В этом вся Селена, как Луна, которая любопытным глазом наблюдает за нами ночью. Всё равно, я улыбаюсь:
– Спасибо!
– Для тебя – что угодно! О, смотри, небесная колесница! – она обращает внимание наверх, а я закрываю окно и растираю замёрзшие пальцы.
За завтраком отец просит съездить в букинистичекий его друга и забрать несколько книг для магазина. В новостях из радио – ничего интересного, никаких разведённых мостов или сгоревших зданий.
Я пью свой утренний кофе с имбирём. Перед выходом натягиваю свитер, а поверх него – ветровку. Возможно, это слишком, если верить прогнозу весь день будет +10 градусов. Невероятно тепло для ноября. И всё равно, кладу в рюкзак шапку – вместе с парой бутербродов и термосом с имбирным чаем.
Отец не спросил про книгу. Сегодня я надеюсь вернуться домой с ней и перестать лгать. Ведь у меня нет подруг, которые могли бы её читать.
Связь со всеми подругами я потеряла после нескольких месяцев в психбольнице.
Велосипед летит по улицам, обгоняю остатки утренних пробок. Ветер всё же холодный, я останавливаюсь, надеть шапку и застегнуть ветровку. И правильно, потому что на набережной ещё холоднее.
Меня встречают бегуны в ярких спортивных костюмах, которые будто не чувствуют мороза, и люди с собаками. И статуи.
Музы направляют меня в дальний угол, где нет никого, кроме голубей и Охотника, который держит в левой руке копьё. У его босых ног лежит мраморный шлем. Я медленно подхожу ближе, и он опускает голову.
– Это тебя прислала Минерва?
– Да, – останавливаюсь около постамента, смотрю на статую снизу вверх. – Как тебя зовут? Неужели у тебя правда нет имени?

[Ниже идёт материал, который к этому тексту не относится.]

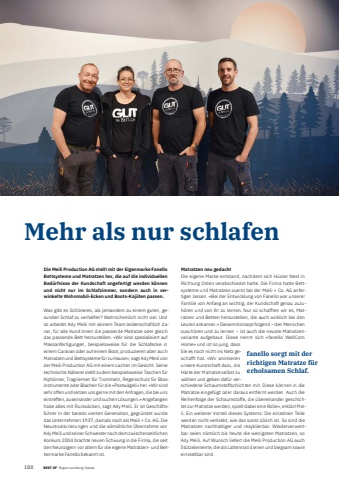 188 BEST OF BEST OF Portrait xxx Region Lenzburg-SeetalMehr als nur schlafenDie Meili Production AG stellt mit der Eigenmarke Fanello Bettsysteme und Matratzen her, die auf die individuellen Bed%u00fcrfnisse der Kundschaft angefertigt werden k%u00f6nnen und nicht nur im Schlafzimmer, sondern auch in verwinkelte Wohnmobil-Ecken und Boots-Kaj%u00fcten passen. Was gibt es Sch%u00f6neres, als jemandem zu einem guten, gesunden Schlaf zu verhelfen? Wahrscheinlich nicht viel. Und so arbeitet Ady Meili mit seinem Team leidenschaftlich daran, f%u00fcr alle Kund:innen die passende Matratze oder gleich das passende Bett herzustellen. %u00abWir sind spezialisiert auf Massanfertigungen, beispielsweise f%u00fcr die Schlafecke in einem Caravan oder auf einem Boot, produzieren aber auch Matratzen und Bettsysteme f%u00fcr zu Hause%u00bb, sagt Ady Meili von der Meili Production AG mit einem Lachen im Gesicht. Seine technische N%u00e4herei stellt zudem beispielsweise Taschen f%u00fcr Alph%u00f6rner, Tragriemen f%u00fcr Trommeln, Regenschutz f%u00fcr Blasinstrumente oder Blachen f%u00fcr die %u00abPostw%u00e4geli%u00bb her. %u00abWir sind sehr offen und setzen uns gerne mit den Anfragen, die bei uns eintreffen, auseinander und suchen L%u00f6sungen.%u00bb Angefangen habe alles mit Rucks%u00e4cken, sagt Ady Meili. Er ist Gesch%u00e4ftsf%u00fchrer in der bereits vierten Generation, gegr%u00fcndet wurde das Unternehmen 1937, damals noch als Meili + Co. AG. Die Neustrukturierungen und die allm%u00e4hliche %u00dcbernahme von Ady Meili und seiner Schwester nach dem zwischenzeitlichen Konkurs 2004 brachte neuen Schwung in die Firma, die seit den Neunzigern vor allem f%u00fcr die eigene Matratzen- und Bettenmarke Fanello bekannt ist. Matratzen neu gedachtDie eigene Marke entstand, nachdem sich H%u00fcsler Nest in Richtung Osten verabschiedet hatte. Die Firma hatte Bettsysteme und Matratzen zuerst bei der Meili + Co. AG anfertigen lassen. %u00abBei der Entwicklung von Fanello war unserer Familie von Anfang an wichtig, der Kundschaft genau zuzuh%u00f6ren und von ihr zu lernen. Nur so schafften wir es, Matratzen und Betten herzustellen, die auch wirklich bei den Leuten ankamen.%u00bb Diesem Konzept folgend %u2013 den Menschen zuzuh%u00f6ren und zu lernen %u2013 ist auch die neuste Matratzenvariante aufgebaut. Diese nennt sich %u00abfanello WellCom Home%u00bb und ist so jung, dass Sie es noch nicht ins Netz geschafft hat. %u00abWir animieren unsere Kundschaft dazu, die H%u00e4rte der Matratze selbst zu w%u00e4hlen und geben daf%u00fcr verschiedene Schaumstoffschichten mit. Diese k%u00f6nnen in die Matratze eingef%u00fcgt oder daraus entfernt werden. Auch die Reihenfolge der Schaumstoffe, die %u00fcbereinander geschichtet zur Matratze werden, spielt dabei eine Rolle%u00bb, erkl%u00e4rt Meili. Ein weiterer Vorteil dieses Systems: Die einzelnen Teile werden nicht verklebt, wie das sonst %u00fcblich ist. So sind die Matratzen nachhaltiger und rezyklierbar. Wiederverwertbar seien n%u00e4mlich bis heute die wenigsten Matratzen, so Ady Meili. Auf Wunsch liefert die Meili Production AG auch St%u00fctzele mente, die als Lattenrost dienen und biegsam sowie einstellbar sind.fanello sorgt mit der richtigen Matratze f%u00fcr erholsamen Schlaf.

– Вообще-то скульптор назвал меня «Ой чёрт, ещё в тот угол надо кого-то воткнуть». А потом увлёкся вином и испортил четыре куска мрамора перед тем, как создал меня, – он улыбается. – Так что да, имени у меня нет. Можешь сама придумать.
Пожимаю плечами. Это не так просто, дать кому-то имя. Такое точно не делают впопыхах.
– Может, позже?
– Договорились! – он протягивает мне руку. – Залезай сюда!
Сколько общаюсь со статуями, а на постамент меня ещё никто не приглашал. Сразу чувствую себя такой высокой! А отсюда хороший вид на реку и парк. Снимаю шапку, расстёгиваю ветровку и говорю:
– Какой тёплый ноябрь.
Наверное, всем надоели эти разговоры о погоде, но Охотник неожиданно кивает.
– Это всё из-за ключа.
– Что, прости?
– Кто-то повернул ключ и закрыл Город от зимы.
– Я никогда раньше про них не слышала.
Информации в книге было слишком мало. Я даже не знаю, те ли это ключи. Отвожу взгляд – вдруг он подумает, что я глупая, совсем не знаю историю Города и статуй. Но Охотник опирается на копьё и начинает рассказывать:
– Я тоже не слишком много знаю, на самом деле. Минерва говорит, нам стоит знать только то, что нужно для дела. Но мне известно, всего ключей – пять. Они появились давно, ещё до меня, до всех нас.
– Но, что они делают?
– О, это я знаю! Минерва не хотела всем рассказывать, но птицы мне передали. Смотри, первый – управляет погодой. Второй – разводит мосты. Третий – может менять течение реки. Четвёртый – отпирает и запирает любые замки. И последний – может разрушить любое строение. Не спрашивай меня, как, никто не знает.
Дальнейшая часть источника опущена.